Wednesday, February 20, 2019

Eighty Percent of Heads of Federal Subjects Now Maintain Social Network Accounts


Paul Goble

            Staunton, February 20 – Now that the Kremlin has called on the heads of the federal subjects to make use of social media to communicate with their populations and made it one of the measures of their success, only 17 have failed to do so, according to an investigation by the Petersburg Politics Foundation. 

            Among those who have not taken the plunge are both longtime governors like Anatoly Artamonov of Kaluga and young technocrats like Gleb Nikitin of Nizhny Novogorod, according to Svetlana Bocharova who reports on the study in today’s Vedomosti (vedomosti.ru/politics/articles/2019/02/19/794462-gubernatori-regionov-sotsseti).

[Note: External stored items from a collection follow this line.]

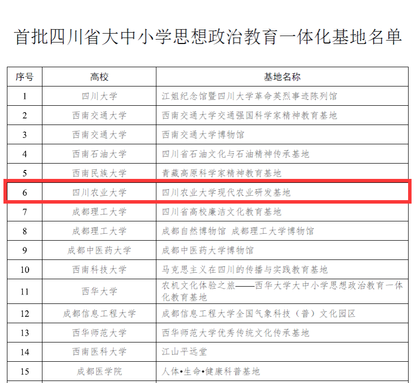 近日,中共四川省委教育工委、四川省教育厅联合公布了首批四川省大中小学思想政治教育一体化基地名单,由我校马克思主义学院牵头,联合基地与实验室管理处共同申报的现代农业研发基地通过认定,成功上榜。
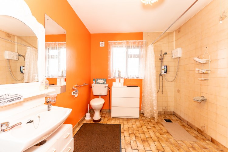 Main bathroom Tiled flooring and shower enclosure, electric shower, WHB, toilet, wheelchair accessible
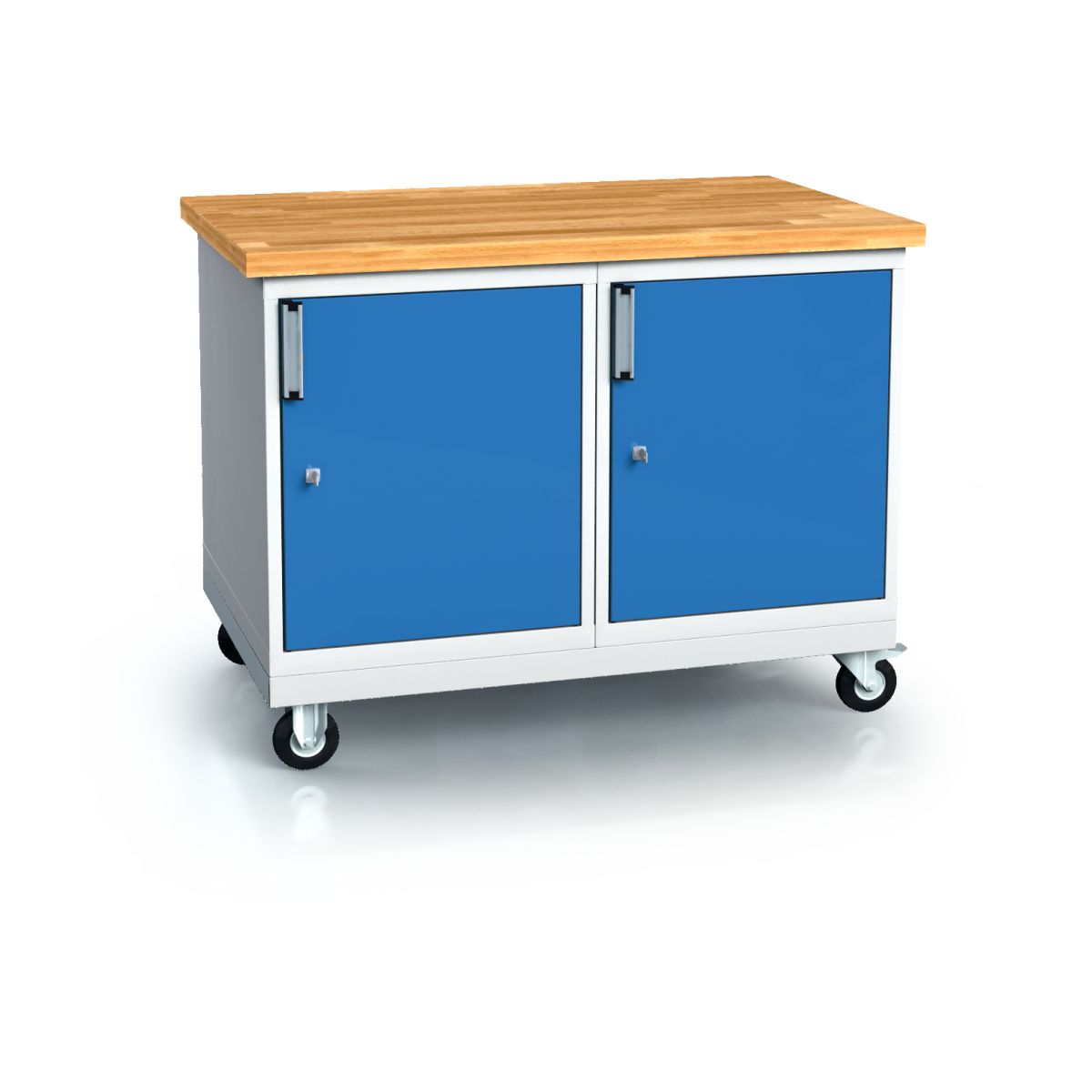Das fahrbare Gestell DPPPPO2 ist speziell zur Halterung der Schubladenschränke der DKP2727-Reihe konzipiert. Mit zwei Bockrollen und zwei Lenkrollen mit Bremse, jeweils mit einem Durchmesser von 100 mm, lässt sich die Werkbank mühelos bewegen und sicher fixieren. Die Manipuliergriffleiste sorgt für eine einfache Handhabung, während die lichtgraue Farbe des Korpus und der Füße ein modernes und professionelles Erscheinungsbild verleiht. Die Schubladenfronten und Türen sind in verschiedenen Farben wählbar, sodass die Werkbank individuell an die Bedürfnisse und den Stil der Werkstatt angepasst werden kann.
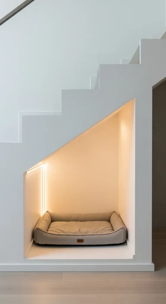 Clean white walls, built-in lighting, and a simple dog bed create a sleek, modern look. This style works beautifully in contemporary homes and keeps the space feeling calm and uncluttered.
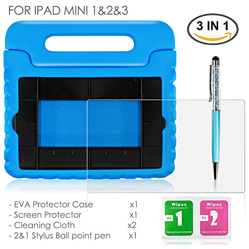 Protective Case for iPad Mini 1 2 3 with Screen Protector and Stylus, AFUNTA Shockproof Convertible Handle Stand EVA Case, PET Plastic Cover and Touch Pen for Tablet Apple iPad Mini - Blue

                The journalist says that governors began moving toward social networks about the time Dmitry Medvedev became president. And the current prime minister continues to push them to take part, most recently last week at the Sochi Investment Forum.  Bocharova suggests that declining ratings of the powers that be may lead governors to become more active in this regard.

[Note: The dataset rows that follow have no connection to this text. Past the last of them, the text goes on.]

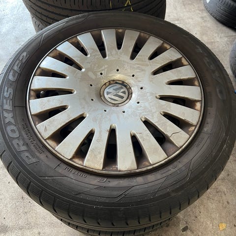 Originale VW-stålfælge. 5 x120 med originale VW-navkapsler. Passer på en VW t5 transporter. Der sidder fire næsten nye (uge 28 2023) Firestone Vanhawk 2 215x65xR16 sommerdæk på dem. To med 9mm mønster og to med 7,5mm tilbage. Kan eventuelt leveres. Bud modtages.
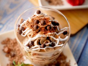 In serving glass,add prepared mousse and decorate with whipped cream,crushed cereal and chocolate balls.
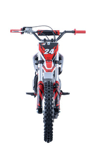 Trailmaster TM24 Dirt Bike 124cc, New for 2024, 17 Inch Front Tire, Electric Start, 32.7 Inch seat height Semi Automatic, 4 speed Trailmaster Motobuys is very excited to introduce Trailmaster's new line of pit/dirt bikes. With over 30 years of experience in the power sports industry, we have never been more impressed by a new line of dirt bikes. The TrailMaster dirt bike offers a superior frame design, improved suspension, and the industry's longest 12-month/12,000-mile warranty on engine and transmission. The TM24 features an electric start and kick-start backup. The suspension has dual inverted front forks and a mono-shock rear-end suspension.  Only the highest quality engine components are used in the air-cooled engine. Semi-automatic transmission teaches young riders to use the gears to accelerate and bring the bike to a safe stop.  The brakes are front and rear disc brakes with 210mm rear and 190mm front single piston hydraulic systems.  Trailmaster has a proven track record for over two decades providing outstanding service to all of our customers.  The engineers at Trailamaster have been working on these bikes for three years to get them to the market. They are here are they were worth the wait.  Assembly available for an additional fee.  10/29/2024 BL Main Features:• Powerful 124cc engine• Electric and kick Star • Large tires with 17” front and 14” back• Inverted front shock• 42’3 “ wheelbase and 32.7” seat high• Hydraulic front and rear disc brakes• Aluminum handlebar  CA customers: this item is NOT CARB-approved, but you may use it on your private land. Tech Specs Engine System Engine Type ZM125cc, Single Cylinder, 4-Stroke, Air Cooled Displacement 124 ml Max Power 6.2(1±10%)/7000(1±5%) kw/r/min Max Torque 9.0(1±10%)/5000(1±5%) N.m/r/min Compression Ratio 9.6:1 Shift Type N-1-2-3-4, Four-Gear, Automatic clutch Start Type Kick Start & Electric Start Ignition CDI Transmission Chain Drive; #428,14/41T Size Data L x W x H 64.2"X29.5"X41.5" Wheel Base 42.3" Tires FT: 70/100-17 - RR: 90/100-14 Seat Height 32.7" Ground Clearance 13.6" Fuel Capacity 3.5 L Min. Fuel Consumption: ≤367g/kw.h Max Range: ≤10.5mile Engine Oil #: SJ5W一30 Frame/Suspension/Brake/Wheel system Frame Cradle Type Steel Tube Frame Front Fork Inverted 45*48-700mm Forks, Non-Adjustable Rear Shock 10*275mm , Non-Adjustable Swing-Arm Steel Tube Handle Bar Aluminium Crossbar ,L=720mm; Dia=22mm Wheels Steel 1.6 x 17" / 1.85 x 14" Rims, Cast Hubs Front Brake Hydraulic Single Piston Caliper, 210mm Disc Rear Brake Hydraulic Single Piston Caliper, 190mm Disc Exhaust Stainless Steel Header Pipe, Hexagon Aluminum Silencer Packing and Loading Packing Size 54.5"X14.8"X29.7" N.W/LBS 134.5 LBS G.W/LBS 161 LBS     Warranty Our Company Warranty PoliciesYour satisfaction is our #1 goal. We strive to provide our customers with the highest level of customer service and support we can. We strongly suggest our customers read the following information thoroughly. If you have any questions about any of our or the manufacturers policies, please feel free to email us or call 1-877-667-6289.If you need parts at the bottom of our home page you will find “Parts Request or https://motobuys.com/pages/part-request = simply fill out the form and click submit.For Tech Support: https://motobuys.com/pages/technical-supports simply fill out the form and click submitTHE MANUFACTURERS WARRANTY COVERS PARTS, ENGINE ONLY FOR ALL PRODUCTS AS FOLLOWS:OFF ROAD: ATV'S, UTV'S, BUGGIES, GO CARTS AND DIRT BIKES offer 3 MONTHS PARTS, 6 MONTHS ENGINE WARRANTY, MOTOBUYS.com will supply new or rebuilt replacement parts in exchange for defective parts for a period of 3(three) months, as well defective engines for a period of 6(six) months from the date of purchase at no charge.Buyers will need basic repair & basic setup skills such as using tools; replacing nuts & bolts, filters, light bulbs, fluids, adjustments, etc. If you don’t have this ability we suggest using a mechanic to assist you with your needs. Our tech support Hotline is available to assist you.THIS LIMITED WARRANTY COVERS THE FOLLOWING PARTS ONLY:ENGINE: All internal lubricated parts, i.e. Pistons, piston rings, piston pins, connecting rods, rod bearings, camshaft, camshaft bearings, timing chain, crankshaft, crankshaft main bearings, oil pump, water pump, valves, valve springs, valve guides, valve seats, valve lifters and valve push rods. Additionally, the engine head and cylinder will only be covered if damage is caused solely as a result of the mechanical failure of one or more internal lubricated components listed above. (Broken gears any damage from outside impacted is not covered warranty)ENGINE CASE: The Engine case itself will only be covered if the damage caused was solely as a result of the mechanical failure of one or more of the internal lubricated components listed above. (Broken gears any damage from outside impact is not covered warranty)DRIVE SYSTEM: All internal lubricated parts contained within the drive axle housing case, i.e. differential, differential gears, drive shaft, drive axles, CV joints, axle bearings, reverse gears and output shafts. The drive axle housing as well as the reverse gearbox housing, if damaged solely as a result of the mechanical failure of one or more or the internal lubricated components contained the drive axle housing will be covered. (Any bent, broken, or damage by outside impact is not covered warranty)FUEL SYSTEM: For carburated vehicles; Carburetor, vacuum fuel pump, intake manifold, fuel tank and fuel petcock. For fuel injected vehicles; Fuel injectors, fuel pump, fuel rail and fuel pressure regulator.ELECTRICAL: Stator, stator pickup, magneto, voltage regulator\ rectifier, CDI, starter relay\ starter solenoid, starter motor, coil, distributor assembly and injector relay.COOLING SYSTEM: Radiator, radiator cap, thermostat, thermostat housing, temperature indicator switch, cooling fan motors; water pump and
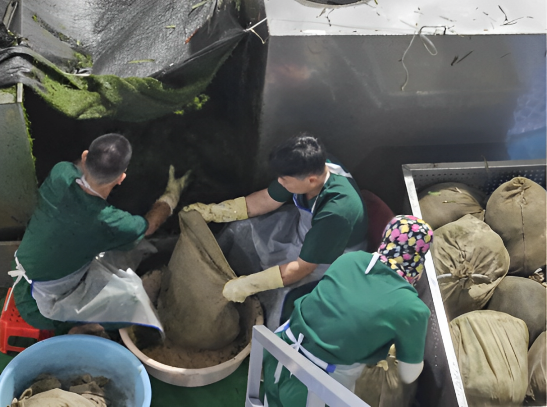 Lá tre nghiền sẽ được đựng trong các túi lọc và bước vào giai đoạn chiết xuất
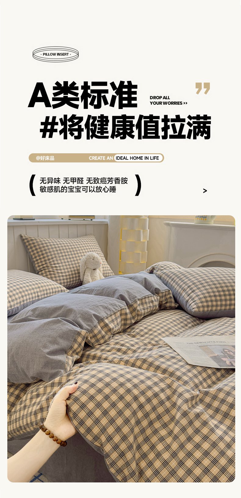 当前位置: 91家纺网 > 商品网购 > 床品套件 > 四件套 > 全棉普通四件套 > 宜家坊 2025新款A类全棉色织水洗棉四件套纯棉格子纯色被套学生宿舍三件套定制定做 春野-咖灰

            The most popular social medium among the governors, the study says, is Instagram. Thirty-one heads of federal subjects use it. And the most effective users of it are Perm’s Maksim Reshetnikov and Leningrad Oblast’s Aleksandr Drozdenko.

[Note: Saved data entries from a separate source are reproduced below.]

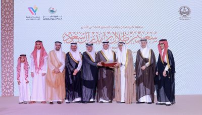 رعى صاحب السمو الملكي الأمير سعود بن طلال بن بدر محافظ الأحساء الرئيس الفخري للجمعية الخيرية لتحفيظ القرآن الكريم بمحافظة الأحساء ، حفل تكريم طلاب حلقات مجمع عبدالعزيز بن سليمان العفالق وإطلاق الخطة الاستراتيجية للمجمع ،أقيم الحفل مساء يوم ” الإثنين” في قاعة فندق الأحساء إنتركونتيننتال ، بحضور رئيس الجمعية ناصر بن محمد النعيم، وأعضاء مجلس إدارة الجمعية، وعدد من أصحاب السمو والفضيلة والسعادة ، ومسؤولي الجهات الحكومية ورجال الأعمال والأعيان في المحافظة.
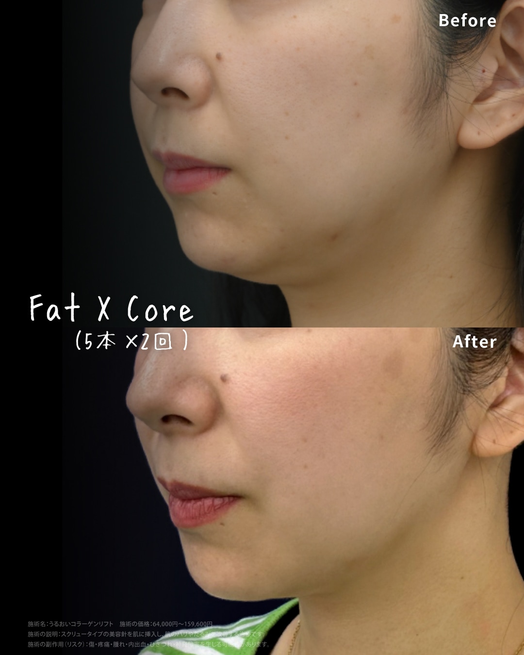 ボツリヌス由来成分を練り込んだ糸で、引き締めとシワ緩和を同時に叶える次世代スレッド。口横のもたつきや額のハリにピンポイントでアプローチできます。
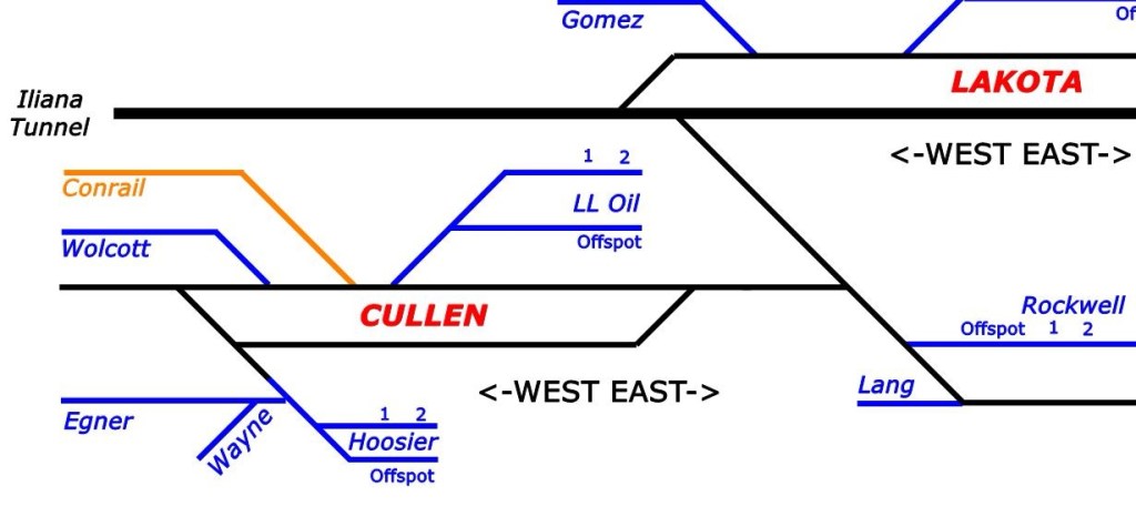 As seen below, Cullen is accessed from the mainline by pulling into the spur at Rockwell then backing into Cullen.
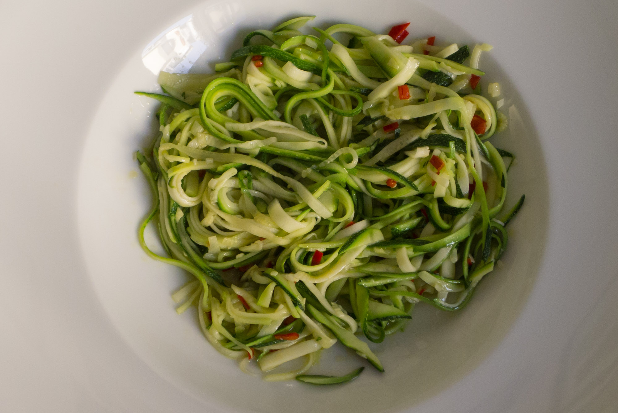 Diese Zucchinispaghetti sind ein leichtes Gericht für einen heißen Sommerabend, das schnell geht, nicht schwer im Magen liegt und dabei wunderbar köstlich ist.
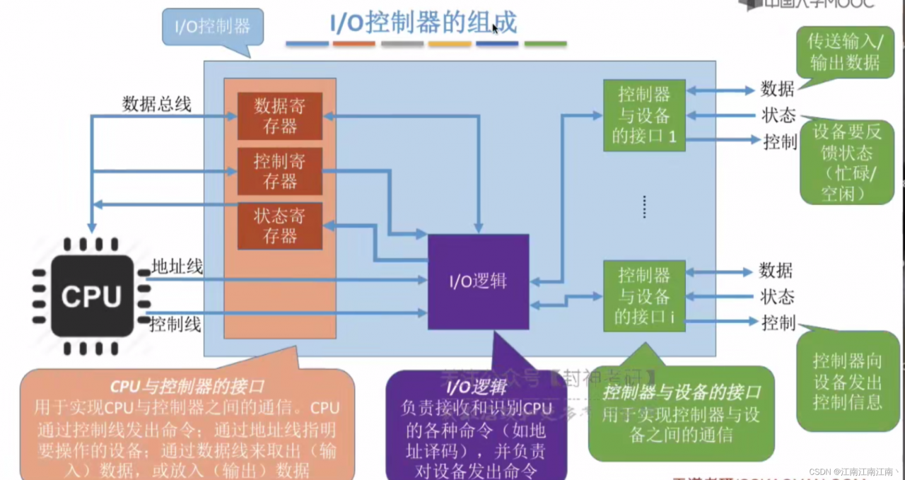 ①CPU与控制器的接口(即CPU和I/O控制器连接的部分):实现CPU和控制器的通信
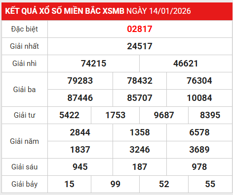 Trước khi dự đoán XSMB 15/1/2026, hãy cùng điểm lại kết quả xổ số hôm qua để nhanh chóng nhận diện các con số may mắn và nắm bắt xu hướng tài lộc hôm nay!
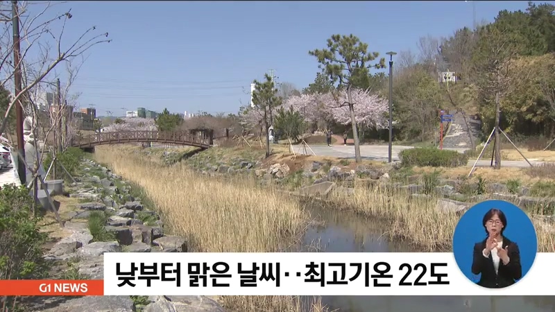낮 최고기온은 16도에서 22도의 분포로, 어제보다 조금 높겠습니다.

                Many governors monitor the accounts of other governors. Moscow Oblast’s Andrey Vorobyev and Tatarstan President Rustam Minnikhanov each have 24 governors who follow them online.  Only slightly fewer follow Ingushetia head Yunus-Bek Yevkurov and occupied Crimea head Sergey Aksyonov, who have 19 and 18 other governors following them. 

            That gives these and potentially other governors a new way to reach out to their colleagues as well as to their population. As far as total subscribers are concerned, Chelyabinsk Governor Boris Dubrovsky is the leader. Bochkarova reports that he has 5870 followers on Instagram.

            No uniform approach has been decreed; and as a result, there is great variety in what the governors post or react to. Kurgan’ss Vadim Shumkov welcomes complaints posted on line, Karelia’s Artur Parfenchikov in contrast prefers that people send complaints to his email account. Irkutsk governor Sergey Levchenko doesn’t allow anyone to post comments at all.

            And it appears, the Petersburg Politics Foundation site says, that there is great variation in the amount of time governors spend on social media, with some using it many times a day and others simply putting up a site so they can conform with what the Kremlin wants but doing little more.